Polityk związany z PiS został oskarżony o kradzież. Są oficjalne zarzuty, może trafić za kratki
Okres, w którym miało dochodzić do kradzieży, obejmuje lata 2016-2020. To dlatego straty PGE są tak bardzo wysokie.
Polityk PiS oskarżony o kradzież prądu
Oskarżony radny zarzeka się, że do kradzieży nie dochodziło. - Przysięgam, że nie kradłem prądu. Ale nieprawidłowości faktycznie były i sam wielokrotnie je zgłaszałem – zapewniał w styczniu w rozmowie z "Dziennikiem Wschodnim" Zbigniew A., radny związany z PiS. Według niego zużycie pochodziło z domu na działce po zmarłym ojcu. Zużycie energii powinno być niemal zerowe, w związku z tym, że nikt w tym domu nie mieszka. Zbigniew A. twierdzi, że rachunki przychodziły lecz obejmowały bardzo różne kwoty. Niektóre miały wynosić nawet 500 zł. – A licznik raz chodzi, raz nie. Na pewno nie powinno tak być – utrzymuje radny.

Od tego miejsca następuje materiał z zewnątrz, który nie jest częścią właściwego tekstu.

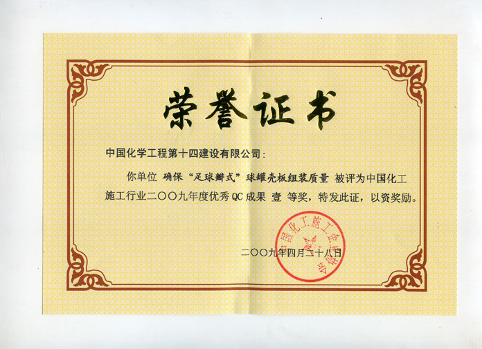 中國化工施工行業(yè)2009年度優(yōu)秀QC成果一等獎-中國化學(xué)工程第十四建設有限公司
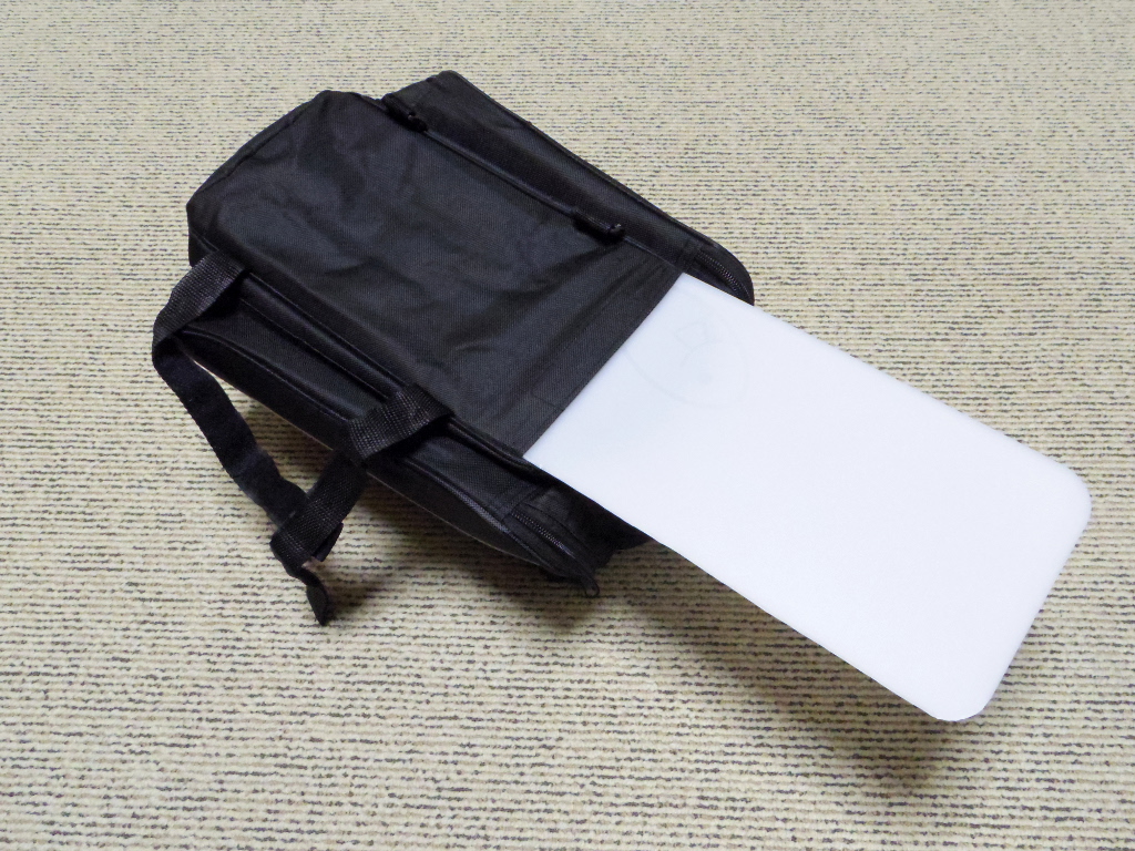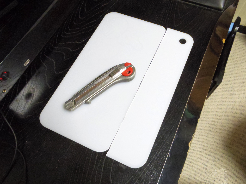 そこで、装着時のしっかり感をだすため、「底板」を入れることにしました。最初は「プラ板」でも調達しようかと思っていましたが、100円ショップを見てみると、それよりもしっかりしている良さげなものを見つけました。「まな板」です。プラスチック製で厚さは1mm程度。これよりも厚いものもありましたが、それだとオーバースペックです。重量も重くなりますので、これにしました。

Gdy w styczniu na posesji zawitali technicy Polskiej Grupy Energetycznej wraz z policją, udało się w końcu ustalić dokładną przyczynę poboru prądu. Zgodnie z raportem proceder miał trwać od grudnia 2016 r. do stycznia 2020 r. Nielegalne przyłącze było zamieszczone w starym drewnianym domu i prowadziło do dwóch budynków, położonych na posesji Zbigniewa A. Jak utrzymuje PGE, ich straty opiewały na prawie 10 tysięcy złotych.
Jeśli sąd przychyli się do wniosku prokuratury i uzna radnego PiS winnym zarzucanych mu czynów, Zbigniew A. może trafić za kratki nawet na 5 lat.